▸ Work item
All lines from the one containing "The Alison armchair draws" down to the one containing "1.51CT 14K Y/G", both ends included, are to be given again exactly; omit the rest of the listing below.

▸ Source information
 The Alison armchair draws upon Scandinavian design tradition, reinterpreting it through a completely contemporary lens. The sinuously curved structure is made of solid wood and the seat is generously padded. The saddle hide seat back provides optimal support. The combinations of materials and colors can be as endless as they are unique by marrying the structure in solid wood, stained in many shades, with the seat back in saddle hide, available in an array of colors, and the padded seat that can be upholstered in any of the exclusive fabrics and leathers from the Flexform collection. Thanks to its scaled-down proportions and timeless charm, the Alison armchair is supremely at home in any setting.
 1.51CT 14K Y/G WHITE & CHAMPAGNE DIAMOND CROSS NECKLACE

* * *

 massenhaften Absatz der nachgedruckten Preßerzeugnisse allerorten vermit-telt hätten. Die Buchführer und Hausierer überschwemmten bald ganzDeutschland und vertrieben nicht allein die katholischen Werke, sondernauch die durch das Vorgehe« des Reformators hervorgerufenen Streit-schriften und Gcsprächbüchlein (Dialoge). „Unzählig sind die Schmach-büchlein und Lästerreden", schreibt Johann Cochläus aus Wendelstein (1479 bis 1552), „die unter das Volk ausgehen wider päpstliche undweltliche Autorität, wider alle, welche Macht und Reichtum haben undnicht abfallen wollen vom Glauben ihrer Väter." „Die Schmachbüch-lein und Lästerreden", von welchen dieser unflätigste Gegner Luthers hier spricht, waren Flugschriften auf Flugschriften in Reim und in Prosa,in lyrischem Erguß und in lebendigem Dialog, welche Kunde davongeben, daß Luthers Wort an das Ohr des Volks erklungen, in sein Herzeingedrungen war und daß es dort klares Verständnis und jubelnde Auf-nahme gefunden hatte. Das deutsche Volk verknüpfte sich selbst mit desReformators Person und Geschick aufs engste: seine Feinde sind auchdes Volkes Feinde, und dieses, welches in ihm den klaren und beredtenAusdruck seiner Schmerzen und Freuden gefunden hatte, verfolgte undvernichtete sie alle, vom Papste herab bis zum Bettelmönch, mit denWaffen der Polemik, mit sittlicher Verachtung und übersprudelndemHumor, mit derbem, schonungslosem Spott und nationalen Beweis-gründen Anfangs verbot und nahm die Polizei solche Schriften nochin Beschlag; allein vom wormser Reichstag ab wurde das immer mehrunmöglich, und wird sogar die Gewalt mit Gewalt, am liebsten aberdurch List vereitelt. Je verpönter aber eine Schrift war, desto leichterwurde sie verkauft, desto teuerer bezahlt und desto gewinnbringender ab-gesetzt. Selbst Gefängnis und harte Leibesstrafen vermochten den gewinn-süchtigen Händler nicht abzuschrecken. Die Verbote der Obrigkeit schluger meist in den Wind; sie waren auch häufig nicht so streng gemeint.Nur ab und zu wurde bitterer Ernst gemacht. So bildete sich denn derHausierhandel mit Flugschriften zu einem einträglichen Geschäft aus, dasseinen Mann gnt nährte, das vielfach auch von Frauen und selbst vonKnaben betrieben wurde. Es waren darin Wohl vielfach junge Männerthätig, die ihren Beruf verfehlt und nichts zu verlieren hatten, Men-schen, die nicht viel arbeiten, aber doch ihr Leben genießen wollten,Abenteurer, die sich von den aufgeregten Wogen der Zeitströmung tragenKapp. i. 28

* * *

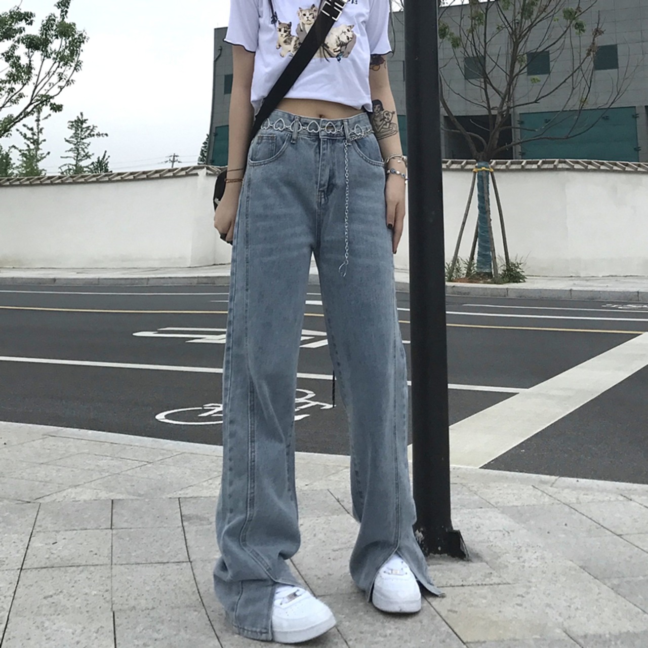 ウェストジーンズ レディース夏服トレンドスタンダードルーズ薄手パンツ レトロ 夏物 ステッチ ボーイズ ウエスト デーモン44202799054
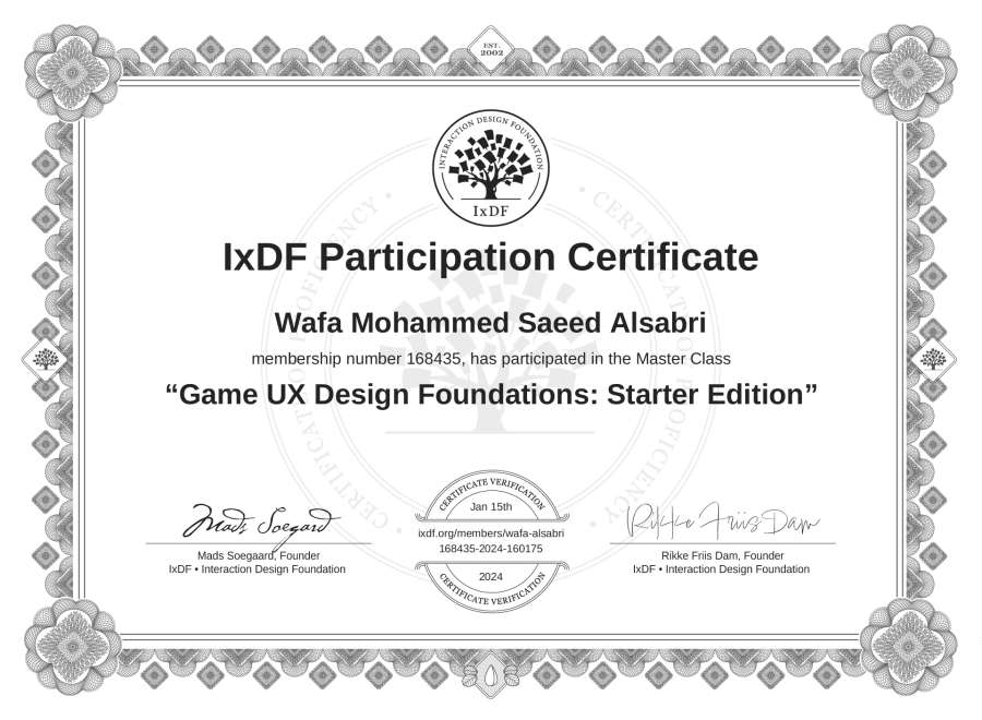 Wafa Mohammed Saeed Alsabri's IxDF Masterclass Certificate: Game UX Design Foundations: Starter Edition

▸ Exercise response
 The Alison armchair draws upon Scandinavian design tradition, reinterpreting it through a completely contemporary lens. The sinuously curved structure is made of solid wood and the seat is generously padded. The saddle hide seat back provides optimal support. The combinations of materials and colors can be as endless as they are unique by marrying the structure in solid wood, stained in many shades, with the seat back in saddle hide, available in an array of colors, and the padded seat that can be upholstered in any of the exclusive fabrics and leathers from the Flexform collection. Thanks to its scaled-down proportions and timeless charm, the Alison armchair is supremely at home in any setting.
 1.51CT 14K Y/G WHITE & CHAMPAGNE DIAMOND CROSS NECKLACE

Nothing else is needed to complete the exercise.